Il y aurait une demi-douzaine de personnes qui soupçonneraient sa maladie, celle de la télévision allumée pour échapper à la solitude qui était reportée, mais il savait que c’était temporaire. Comme elle, il y avait d’autres mères et d’autres pères qui, sans le vouloir, sans le croire, sans même l’accepter, savaient que cette douleur n’était pas n’importe laquelle, comme les autres de perdre un mari au profit d’une autre femme, de rater un train pour en prendre un autre, de perdre une somme d’argent qu’on pourrait gagner plus tard ! Un jour, Dieu romprait avec toutes ces sensations dégoûtantes d’il y a une vie après la mort d’un enfant ! Dieu savait ce que c’était que de perdre un enfant, mais la moitié de la population mondiale ne le savait pas. Il est juste de cacher la durée de vie d’une mère, mais il ne sera jamais juste qu’un enfant se détache de la main de sa mère jusqu’à ce qu’il grandisse. La sienne était partie sans savoir ce qu’était l’âge adulte, dont on faisait indépendance, ce qu’on appelait arbitraire ou transcendantal. Le sien s’était glissé entre le rire enfantin et les traits prévisibles du changement chez l’adolescente. Son fils ne jouait plus au ballon, ne courait plus, ne jouait plus au simulateur et ne riait plus avec les autres enfants qui, après son match, oubliaient même son nom. Maintenant que l’âge lui avait donné le temps de digérer les vieux chagrins, maintenant que les jours n’avaient pas décrété d’heures entre le repos et la lassitude des ennuis, maintenant que le temps s’accomplissait dans l’errance de l’inutilité, elle avait pris la boîte des vieux souvenirs, des lettres avec des timbres des années 60, des billets à ordre des messes et des voyages qu’on faisait,  concerts qui sont entrés dans la comptabilité du temps de l’oubli, La clé de sa demeure éternelle dans la main des peaux usées et lisses, avec les signes du temps, et cette clé était donc le dessin final du fruit qui rapidement et sans atteindre l’âge de la majorité, disparaissait droit dans le ciel, sans passer par la maison des flirteurs ni même les livres qui restaient au milieu des étagères en désordre. Cette clé avait une adresse, la dernière adresse, celle qu’elle donnerait au chauffeur de taxi lorsqu’il l’appellerait pour le résultat final. 

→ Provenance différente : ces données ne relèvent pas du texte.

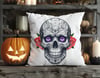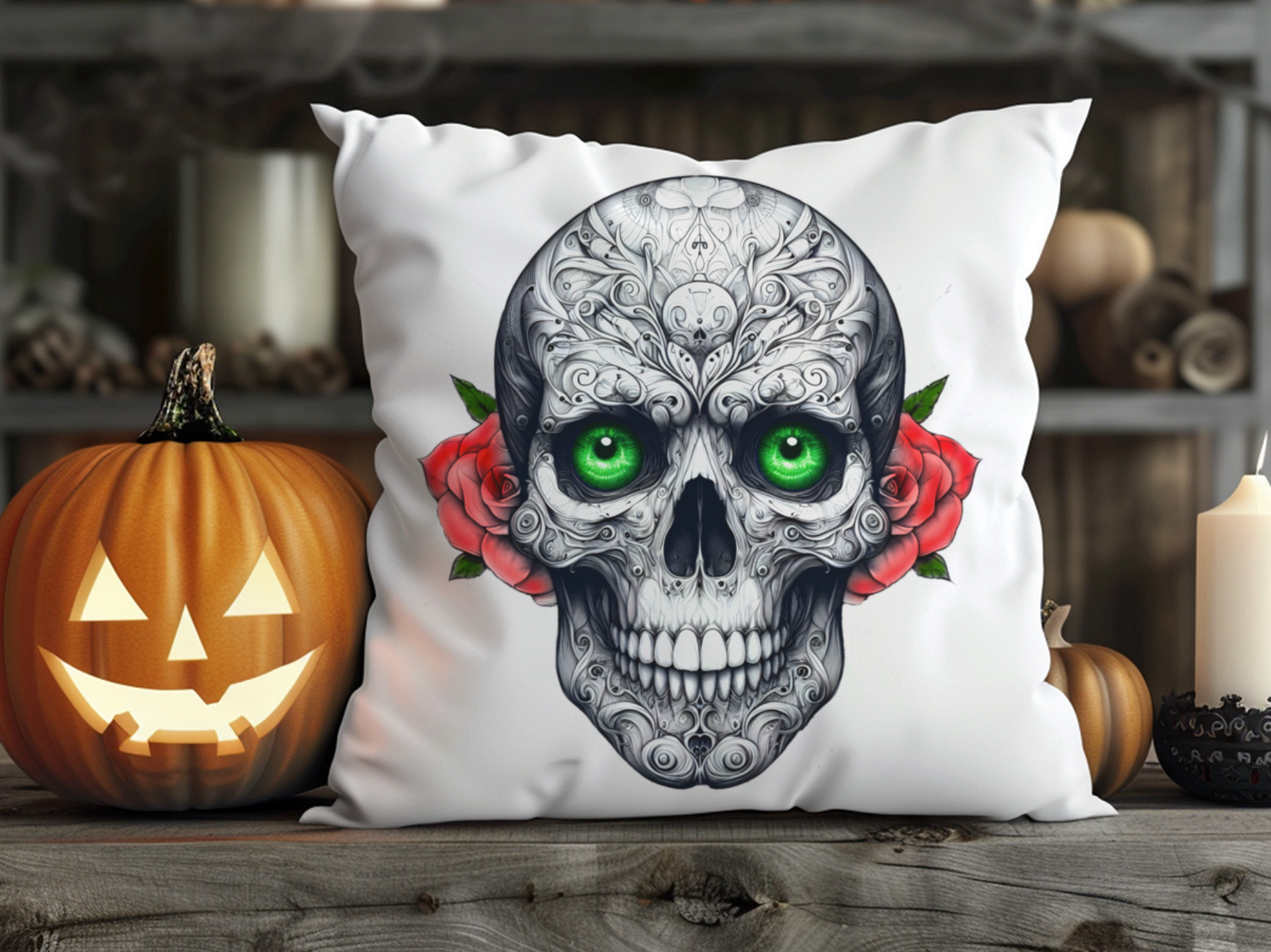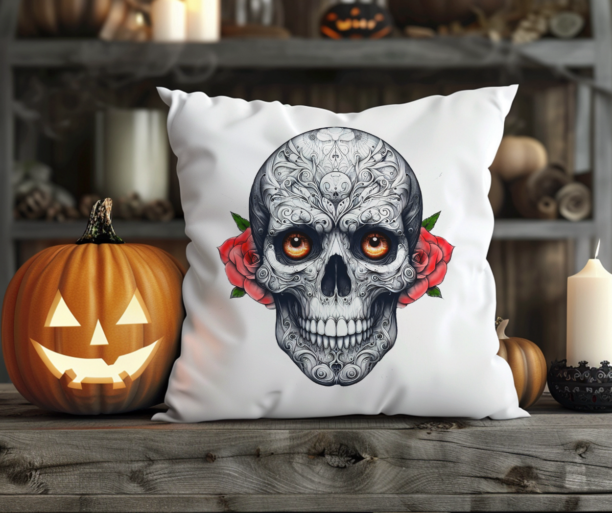Set of 5 tattoo style skulls, violet, orange, brown, blue, green eyes. High quality PNG, digital download. Sublimation or print. Halloween. Highly detailed. Designed on 12 x 12" canvas so suitable for clothing, canvas, bags etc, and can be downsized for smaller projects. Sublimation, print or DTF

- « Avez-vous vraiment l’intention d’aller au cimetière ? »


— Non, monsieur, vous m’avez mal compris, ce que je veux, c’est aller voir mon fils qui a été abandonné à sa mère depuis plus d’un demi-siècle ! C’est vraiment là que je veux aller. 

Et je vais déjà à la formation pour allumer les télévisions partout dans le monde, y compris les plasmas et les high-techs, parce que, à l’intérieur, je refuse déjà de voir le jour où, pour qu’elle aille voir son enfant décédé, je regarderai partir une mère qui veut être éternelle, parce que c’est ainsi que toutes les mères devraient rester. Et je m’entraîne déjà à apprivoiser les angoisses et les douleurs thoraciques qui peuvent m’arriver sans prévenir, que le fait d’être orphelin d’êtres humains nous rend plus inhumains, essayer de trouver les démons qui nous tuent à chaque heure et Dieu viendra, sans doses de poudre soluble, nous sauver de l’apathie qui promet de geler les veines face à la grande inhumanité qui cause la perte et l’attachement.